だが彼の言うことも尤もだった。半分獣のわりにローディルはどこか危なっかしく、守ってやらねばという意識が芽生えるのだ。
「二人きりで会うとなれば心配だが、誰かと一緒なら目くじらを立てる必要もないと思ってな。本音を言えば俺が同伴したいが、屋敷外では制限も多く叶わない。だがアサドと一緒なら安心して任せられる」
「お任せください。不埒な輩から、しっかりとローディルをお守りしてみせます」
堅物な男には珍しくおどけた物言いに、オルヴァルは小さく笑いをこぼしたのだった。
*****************
一方その頃、手持ちの仕事を終えたローディルは厩舎にいた。ラクダが木桶いっぱいに入れられた野菜を夢中で食べている。その隣では仔ラクダも母親の真似をしているのか、葉物野菜を口に咥えて振り回している。ロティの姿になった時の良き遊び相手でもある。母親はマフタで、子供はキュルだ。

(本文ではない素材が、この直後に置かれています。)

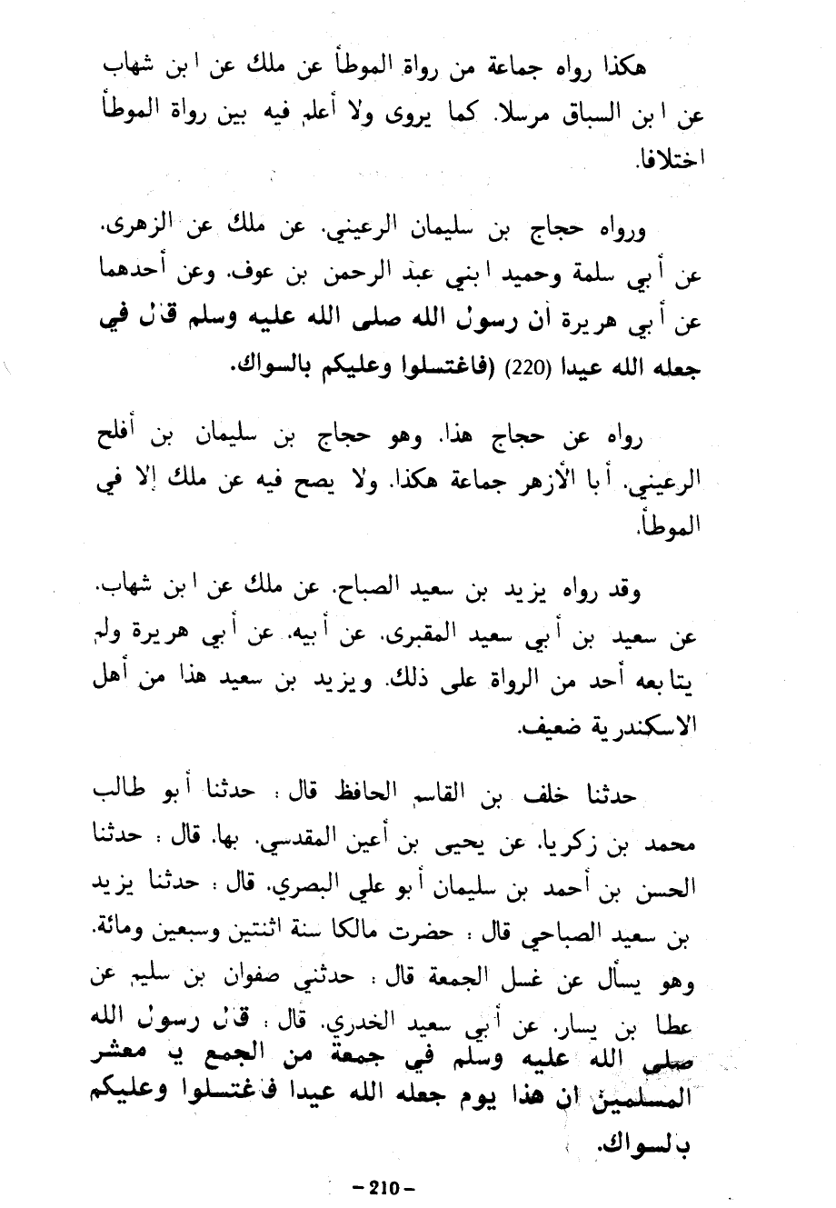 هَكَذَا رَوَاهُ جَمَاعَةٌ مِنْ رُوَاةِ الْمُوَطَّأِ عَنْ مَالِكٍ عَنِ ابْنِ شِهَابٍ عَنِ ابْنِ السباق مرسلا كما روى وَلَا أَعْلَمُ فِيهِ بَيْنَ رُوَاةِ الْمُوَطَّأِ اخْتِلَافًا وَرَوَاهُ حَجَّاجُ بْنُ سُلَيْمَانَ الرُّعَيْنِيُّ عَنْ مَالِكٍ عَنِ الزُّهْرِيِّ عَنْ أَبِي سَلَمَةَ وَحُمَيْدٍ ابْنَيْ عَبْدِ الرَّحْمَنِ بْنِ عَوْفٍ وَعَنْ أَحَدِهِمَا عَنْ أَبِي هُرَيْرَةَ أَنَّ رَسُولَ اللَّهِ صَلَّى اللَّهُ عليه وسلم قال في جَعَلَهُ اللَّهُ عِيدًا (فَاغْتَسِلُوا وَعَلَيْكُمْ بِالسِّوَاكِ) رَوَاهُ عَنْ حَجَّاجٍ هَذَا وَهُوَ حَجَّاجُ بْنُ سُلَيْمَانَ بْنِ أَفْلَحَ الرُّعَيْنِيُّ أَبَا الْأَزْهَرِ جَمَاعَةٌ هَكَذَا وَلَا يَصِحُّ فِيهِ عَنْ مَالِكٍ إِلَّا فِي الْمُوَطَّأِ وَقَدْ رَوَاهُ يَزِيدُ بْنُ سَعِيدٍ الصَّبَّاحُ عَنْ مَالِكٍ عَنِ ابْنِ شِهَابٍ عَنْ سَعِيدِ بْنِ أَبِي سَعِيدٍ الْمَقْبُرِيِّ عَنْ أَبِيهِ عَنْ أَبِي هُرَيْرَةَ وَلَمْ يُتَابِعْهُ أَحَدٌ مِنَ الرُّوَاةِ عَلَى ذَلِكَ وَيَزِيدُ بْنُ سَعِيدٍ هَذَا مِنْ أَهْلِ الْإِسْكَنْدَرِيَّةِ ضَعِيفٌ حَدَّثَنَا خَلَفُ بْنُ الْقَاسِمِ الْحَافِظُ قَالَ حَدَّثَنَا أَبُو طَالِبٍ مُحَمَّدُ بْنُ زكريا عَنْ يَحْيَى بْنِ أَعْيَنَ الْمَقْدِسِيِّ بِهَا قَالَ حَدَّثَنَا الْحَسَنُ بْنُ أَحْمَدَ بْنِ سُلَيْمَانَ أَبُو عَلِيٍّ الْبَصْرِيُّ قَالَ حَدَّثَنَا يَزِيدُ بْنُ سَعِيدٍ الصَّبَّاحِيُّ قَالَ حَضَرْتُ مَالِكًا سَنَةَ اثْنَتَيْنِ وَسَبْعِينَ وَمِائَةٍ وَهُوَ يُسْأَلُ عَنْ غُسْلِ الْجُمْعَةِ قَالَ حَدَّثَنِي صَفْوَانَ بْنِ سُلَيْمٍ عَنْ عَطَاءِ بْنِ يَسَارٍ عَنْ أَبِي سَعِيدٍ الْخُدْرِيِّ قَالَ قَالَ رَسُولُ اللَّهِ صَلَّى اللَّهُ عليه وسلم في جُمْعَةٍ مِنَ الْجُمَعِ يَا مَعْشَرَ الْمُسْلِمِينَ إِنَّ هَذَا يَوْمٌ جَعَلَهُ اللَّهُ عِيدًا فَاغْتَسِلُوا وَعَلَيْكُمْ بالسواك

マルティアトの中継地へ向かうのにラクダを使用したが、人型でも乗り心地が悪いのかどうか気になってしまい、気づけばここにいた。ここで飼育されているラクダではなく、乗り物貸し屋のラクダだったから気持ち悪かったのかもしれない。丁寧に飼育された毛艶のいい、オルヴァル所有のラクダならば勝手が違うのではと思っていた。
「ローディル、どうした?マフタをじっと見つめて」
厩舎のラクダ担当のトレットが声をかけてくれた。動物の飼育係をしているだけあって寛容で、ローディルがキュルと干し草の山で遊んで散らかしても怒ったりしない優しい男だ。袖を肩までまくり上げ、露出した腕は厩舎の仕事で鍛えられて太く逞しい。
「あのさトレット、俺マフタに乗ってみたいんだけど」
「そりゃあいいけど…なんでまた?」
「エミルがラクダの乗り心地は悪いって言ってたから、どんな感じなのか興味があって」
きっと聞かれると思い、事前に考えていた理由を告げる。自分の秘密を隠すためにオルヴァルやアサドが少しの真実を混ぜて嘘の設定をいつも考えてくれるのを真似てみた。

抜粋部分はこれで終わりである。